> _TASK DIRECTIONS_
The lines from the top of the material below through the line containing "rekao je Sablić." are to be printed exactly, with pictures omitted.

> _GIVEN DATA_

┄┄┄┄┄┄

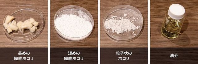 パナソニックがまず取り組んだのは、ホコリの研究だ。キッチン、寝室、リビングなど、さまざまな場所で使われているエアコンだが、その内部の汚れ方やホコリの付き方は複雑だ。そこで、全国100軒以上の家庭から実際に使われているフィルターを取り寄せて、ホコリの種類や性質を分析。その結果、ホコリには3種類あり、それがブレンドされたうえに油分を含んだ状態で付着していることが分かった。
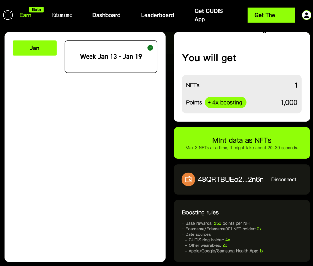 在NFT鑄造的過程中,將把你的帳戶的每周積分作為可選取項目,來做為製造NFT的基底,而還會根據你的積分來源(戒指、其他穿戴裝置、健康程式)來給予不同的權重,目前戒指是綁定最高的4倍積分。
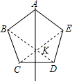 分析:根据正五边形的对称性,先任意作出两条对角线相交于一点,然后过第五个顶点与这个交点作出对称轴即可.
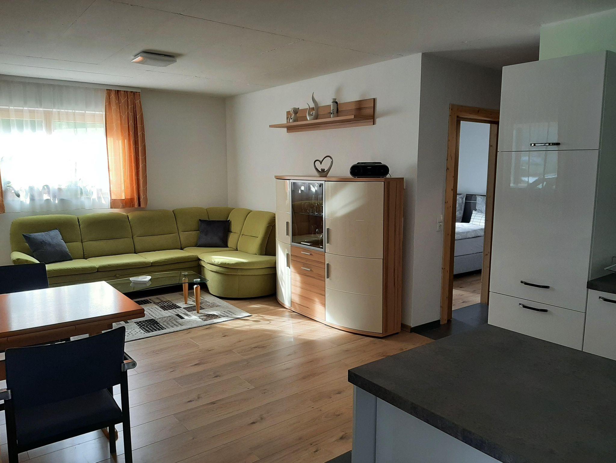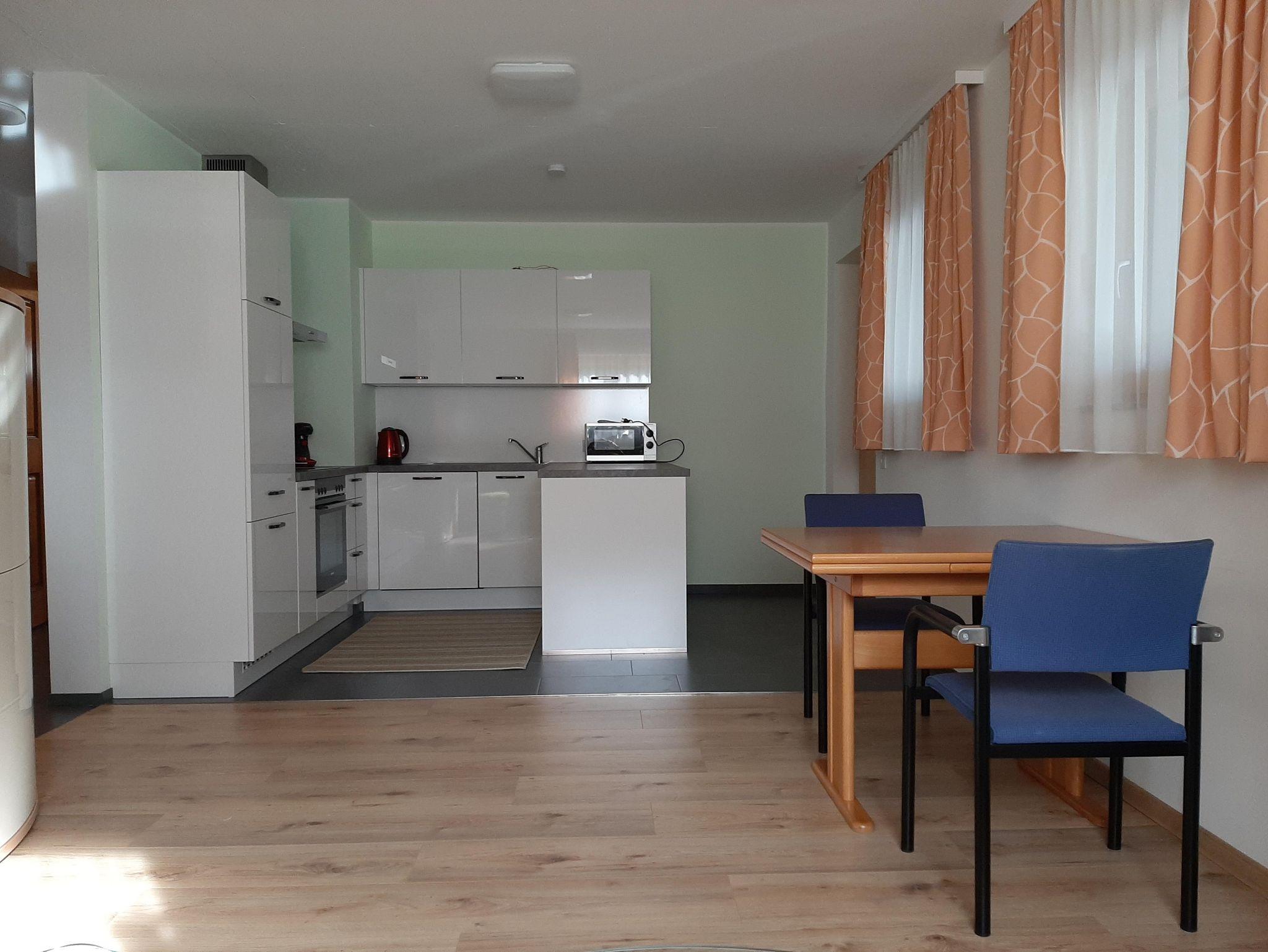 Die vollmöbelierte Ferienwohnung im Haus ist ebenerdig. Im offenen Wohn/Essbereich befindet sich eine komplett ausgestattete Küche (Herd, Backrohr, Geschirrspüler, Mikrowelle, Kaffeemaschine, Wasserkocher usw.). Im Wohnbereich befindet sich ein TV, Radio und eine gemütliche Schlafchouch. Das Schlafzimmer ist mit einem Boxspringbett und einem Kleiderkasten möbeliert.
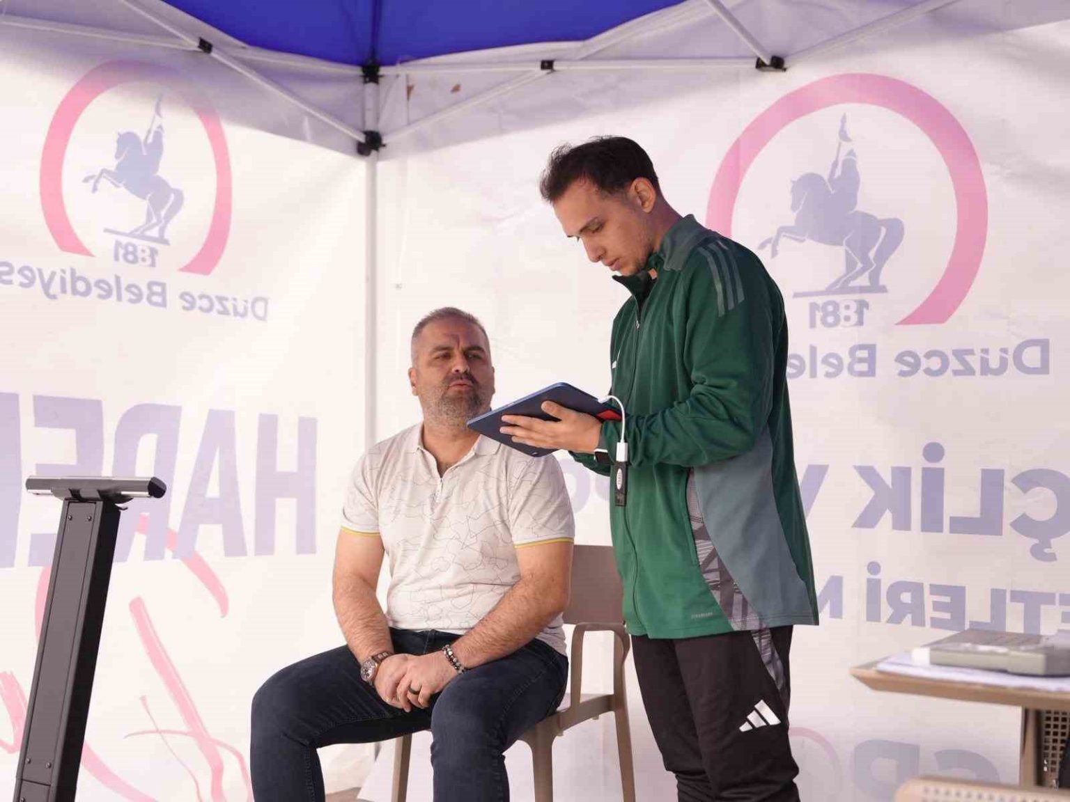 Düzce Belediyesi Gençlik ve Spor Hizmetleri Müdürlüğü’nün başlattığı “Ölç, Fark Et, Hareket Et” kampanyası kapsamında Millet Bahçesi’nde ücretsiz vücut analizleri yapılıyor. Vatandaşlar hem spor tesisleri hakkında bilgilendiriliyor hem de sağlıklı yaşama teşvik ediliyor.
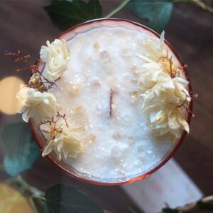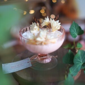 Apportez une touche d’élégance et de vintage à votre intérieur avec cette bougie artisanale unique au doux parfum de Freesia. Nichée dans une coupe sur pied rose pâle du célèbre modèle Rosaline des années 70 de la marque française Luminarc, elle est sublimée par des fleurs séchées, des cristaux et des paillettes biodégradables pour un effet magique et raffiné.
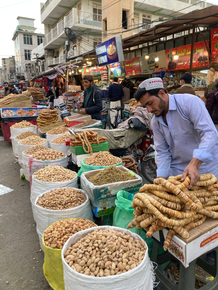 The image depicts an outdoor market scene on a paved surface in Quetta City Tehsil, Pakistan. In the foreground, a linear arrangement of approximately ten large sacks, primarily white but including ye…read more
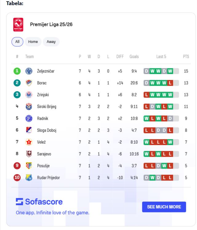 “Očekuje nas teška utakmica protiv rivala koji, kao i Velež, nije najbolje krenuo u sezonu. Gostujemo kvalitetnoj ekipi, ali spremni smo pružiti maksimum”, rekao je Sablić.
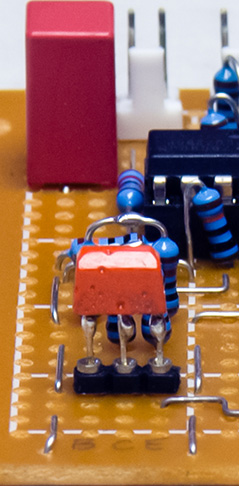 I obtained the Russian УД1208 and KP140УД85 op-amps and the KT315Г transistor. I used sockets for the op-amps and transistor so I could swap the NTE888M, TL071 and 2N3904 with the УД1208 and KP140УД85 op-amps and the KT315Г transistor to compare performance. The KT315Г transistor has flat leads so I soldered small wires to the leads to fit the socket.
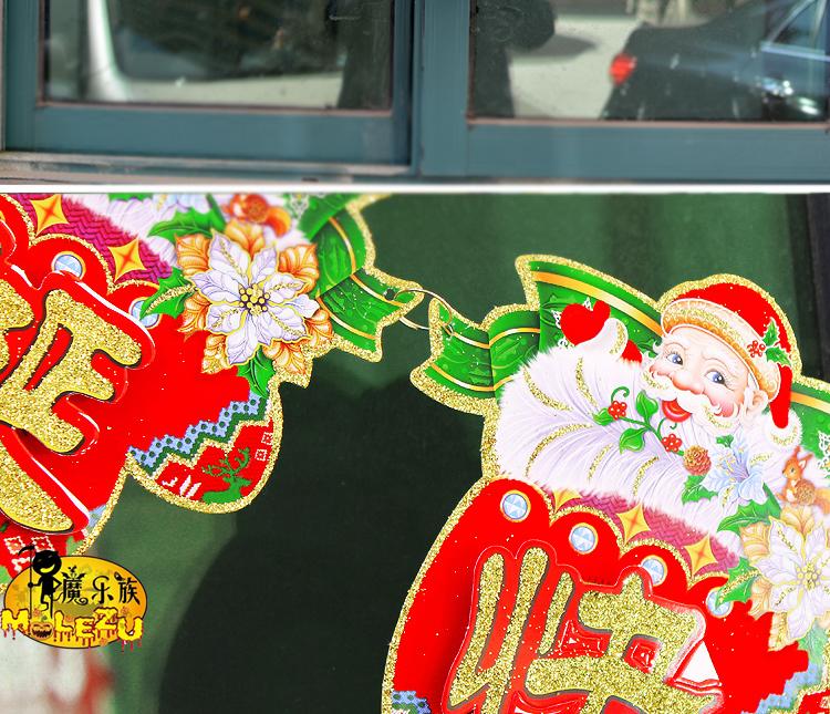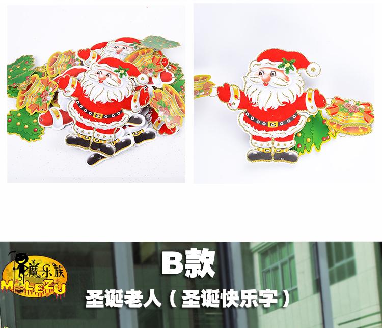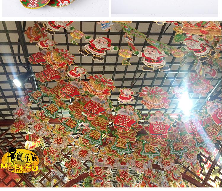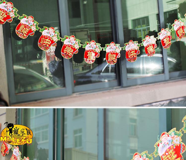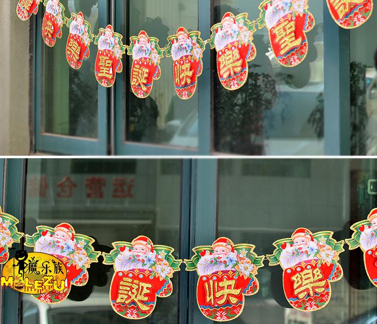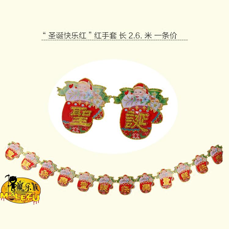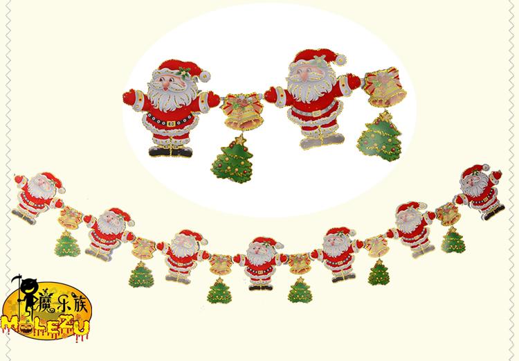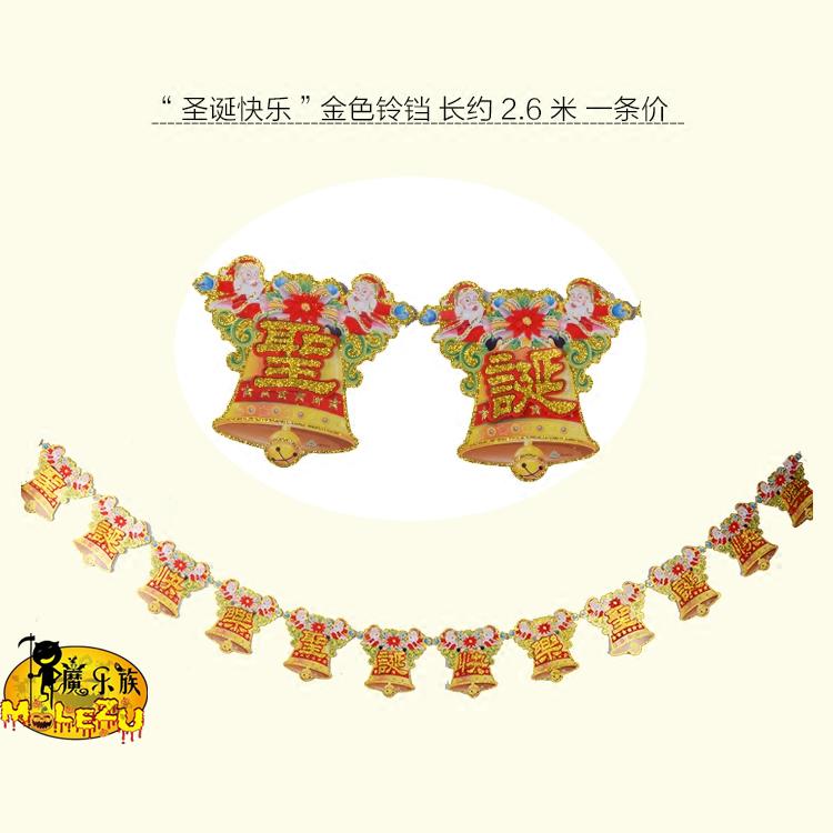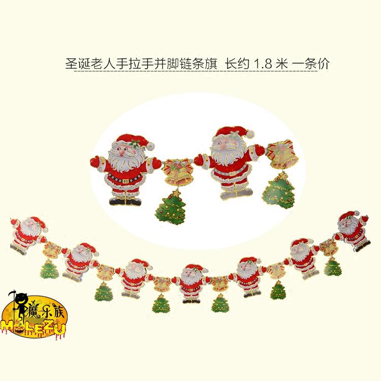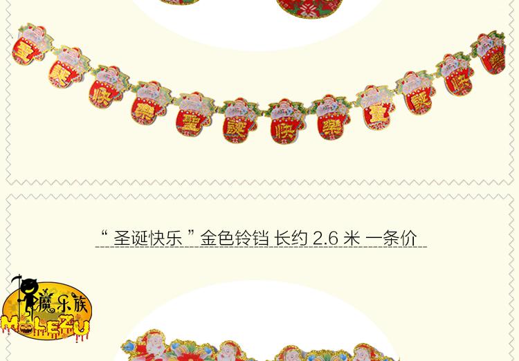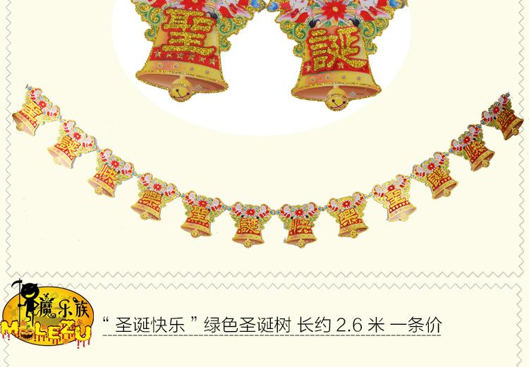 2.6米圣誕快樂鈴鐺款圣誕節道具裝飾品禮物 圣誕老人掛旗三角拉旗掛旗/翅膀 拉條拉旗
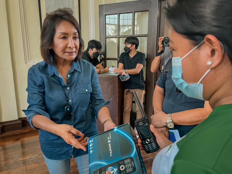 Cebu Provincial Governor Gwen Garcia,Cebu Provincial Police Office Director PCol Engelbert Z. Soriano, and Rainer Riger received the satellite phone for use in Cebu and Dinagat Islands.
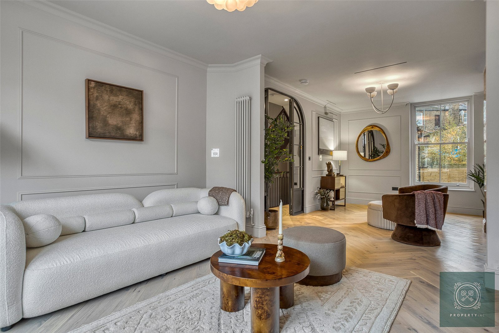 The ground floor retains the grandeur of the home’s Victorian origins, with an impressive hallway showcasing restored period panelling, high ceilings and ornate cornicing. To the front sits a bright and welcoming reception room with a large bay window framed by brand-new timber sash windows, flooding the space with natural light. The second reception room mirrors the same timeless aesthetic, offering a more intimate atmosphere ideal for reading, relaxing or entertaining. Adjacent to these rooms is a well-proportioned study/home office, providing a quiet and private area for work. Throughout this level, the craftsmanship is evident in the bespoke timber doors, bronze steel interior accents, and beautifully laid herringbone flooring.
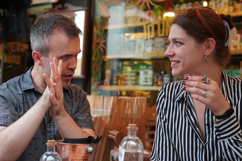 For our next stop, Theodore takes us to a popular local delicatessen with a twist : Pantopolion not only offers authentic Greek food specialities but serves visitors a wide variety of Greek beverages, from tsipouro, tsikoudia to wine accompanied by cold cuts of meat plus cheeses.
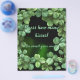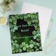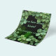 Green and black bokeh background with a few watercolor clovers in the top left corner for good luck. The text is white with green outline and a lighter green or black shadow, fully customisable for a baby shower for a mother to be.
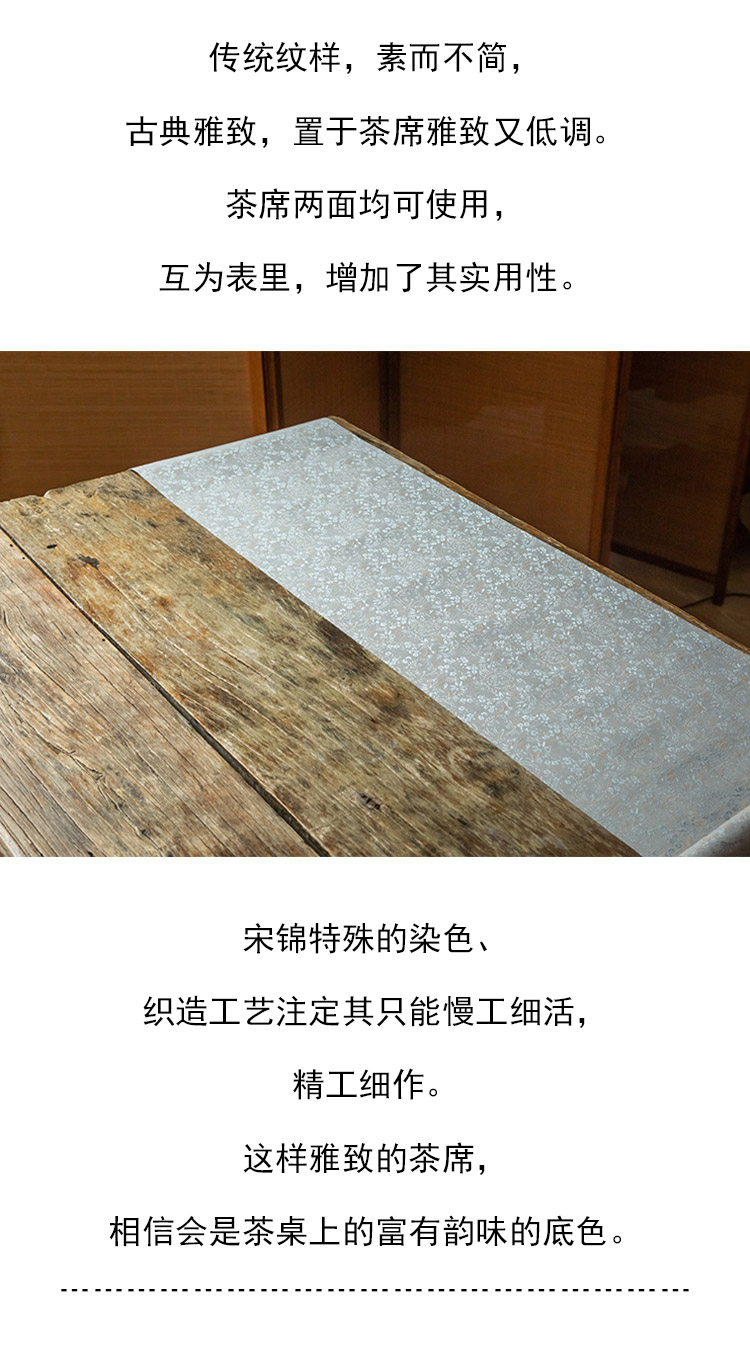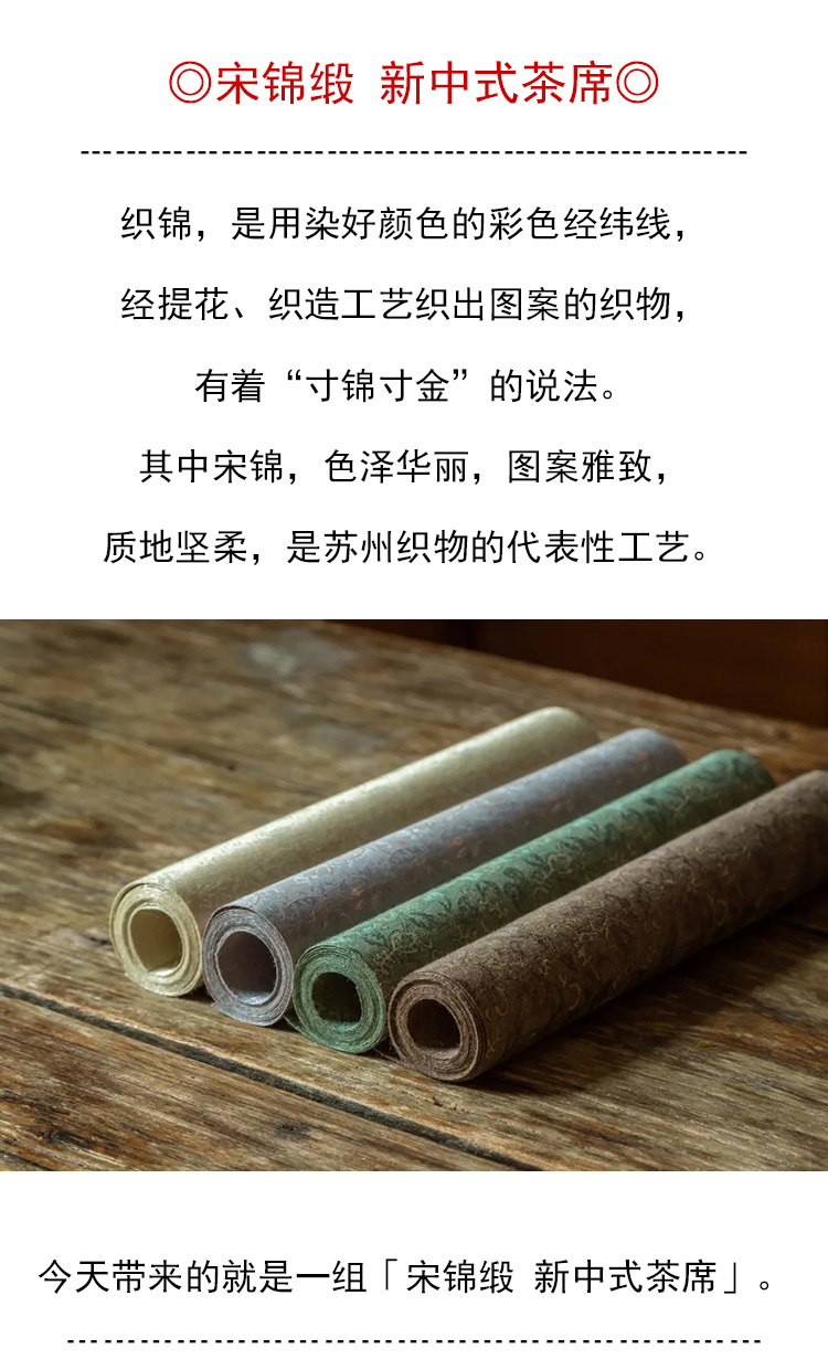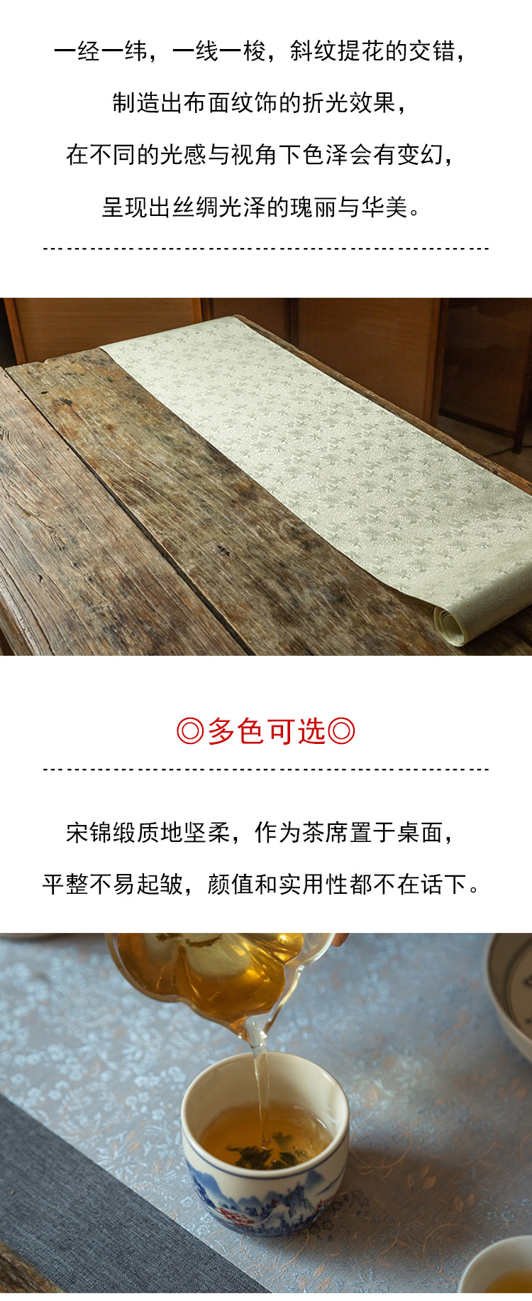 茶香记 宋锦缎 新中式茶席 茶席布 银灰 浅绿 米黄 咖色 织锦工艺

┄┄┄┄┄┄

> _OUTPUT OF THE EXERCISE_
 パナソニックがまず取り組んだのは、ホコリの研究だ。キッチン、寝室、リビングなど、さまざまな場所で使われているエアコンだが、その内部の汚れ方やホコリの付き方は複雑だ。そこで、全国100軒以上の家庭から実際に使われているフィルターを取り寄せて、ホコリの種類や性質を分析。その結果、ホコリには3種類あり、それがブレンドされたうえに油分を含んだ状態で付着していることが分かった。
 在NFT鑄造的過程中,將把你的帳戶的每周積分作為可選取項目,來做為製造NFT的基底,而還會根據你的積分來源(戒指、其他穿戴裝置、健康程式)來給予不同的權重,目前戒指是綁定最高的4倍積分。
 分析:根据正五边形的对称性,先任意作出两条对角线相交于一点,然后过第五个顶点与这个交点作出对称轴即可.
 Die vollmöbelierte Ferienwohnung im Haus ist ebenerdig. Im offenen Wohn/Essbereich befindet sich eine komplett ausgestattete Küche (Herd, Backrohr, Geschirrspüler, Mikrowelle, Kaffeemaschine, Wasserkocher usw.). Im Wohnbereich befindet sich ein TV, Radio und eine gemütliche Schlafchouch. Das Schlafzimmer ist mit einem Boxspringbett und einem Kleiderkasten möbeliert.
 Düzce Belediyesi Gençlik ve Spor Hizmetleri Müdürlüğü’nün başlattığı “Ölç, Fark Et, Hareket Et” kampanyası kapsamında Millet Bahçesi’nde ücretsiz vücut analizleri yapılıyor. Vatandaşlar hem spor tesisleri hakkında bilgilendiriliyor hem de sağlıklı yaşama teşvik ediliyor.
 Apportez une touche d’élégance et de vintage à votre intérieur avec cette bougie artisanale unique au doux parfum de Freesia. Nichée dans une coupe sur pied rose pâle du célèbre modèle Rosaline des années 70 de la marque française Luminarc, elle est sublimée par des fleurs séchées, des cristaux et des paillettes biodégradables pour un effet magique et raffiné.
 The image depicts an outdoor market scene on a paved surface in Quetta City Tehsil, Pakistan. In the foreground, a linear arrangement of approximately ten large sacks, primarily white but including ye…read more
 “Očekuje nas teška utakmica protiv rivala koji, kao i Velež, nije najbolje krenuo u sezonu. Gostujemo kvalitetnoj ekipi, ali spremni smo pružiti maksimum”, rekao je Sablić.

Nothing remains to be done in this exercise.